In the last few weeks, we’ve had conversations with Republican and Democratic political operatives who expressed amazement at just how much the protracted struggle over Walker’s collective bargaining law, which he signed into law in the spring of 2011, has turned every voter in the state into a strong partisan.
But seeing the numbers coming out of Wisconsin on Tuesday night really opened our eyes. They are simply amazing, the kind of numbers you don’t see much — if ever — for any politician.
“Yes, Republicans love Walker, Democrats hate him and the slice of voters with no opinion is certainly smaller than in any other state,” acknowledged one Republican strategist granted anonymity to speak candidly about the state of the state.
Let’s go through them.
Among “very” conservative voters, Walker’s approval rating is 98 percent with 92 percent of those voters strongly approving of him. Among “somewhat” conservative voters, Walker’s approval is at 92 percent with 83 percent feeling that way strongly.
Here are those numbers in chart form — for you visual learners:
The data among tea party supporters is equally striking. Ninety seven percent of “strong” tea party supporters in Wisconsin said they approve of Walker with 94 percent(!) saying they do so strongly. Those who are somewhat supportive of the tea party are close to unified in their support for Walker; 93 percent approve of him with 82 percent doing so strongly.
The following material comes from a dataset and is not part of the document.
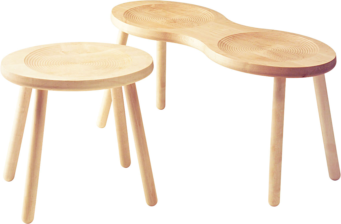 その名のとおり、お豆形の座面とぽってりした丸脚があたたかく、そこにあるだけで楽しくなるスツールです。

Again, here’s that data in a chart:
The polarization goes both ways. There was a not-insignificant number of Democratic cross-over voters in the Republican primary on Tuesday — 11 percent of the overall electorate, according to exit polling — which gives us a decent sense of how the opposition party views Walker.
The answer? Not very highly. Seven in ten self-identified Democrats disapprove of Walker.
“I think the electorate is polarized, we have seen that increasingly to this point,” said Colm O’Martun, executive director at the Democratic Governors Association. “But the electorate is more in favor of recall than it was and Walker hasn’t been able to convince the electorate that he should keep his job.”
(A Marquette Law School poll released last month showed Walker in a statistical dead heat against both of his potential Democratic opponents.)
Republicans argue that while the electorate is incredibly polarized, Walker’s approval ratings are starting to trend upward and that the issues that will predominate in the recall — taxes and spending — work in the incumbent’s favor among independents.
What the Wisconsin exit poll proves is that there is NO grey area when it comes to Walker. His move to strip public-sector unions of their collective bargaining rights drew a line in the political sand in the state — and almost no one straddles that line. There are virtually no persuadable voters.
That means the June 5 recall election is likely to come down to a war between the bases. In that, it could well look like the 2004 presidential election, which, if memory serves, was a pretty damn close race.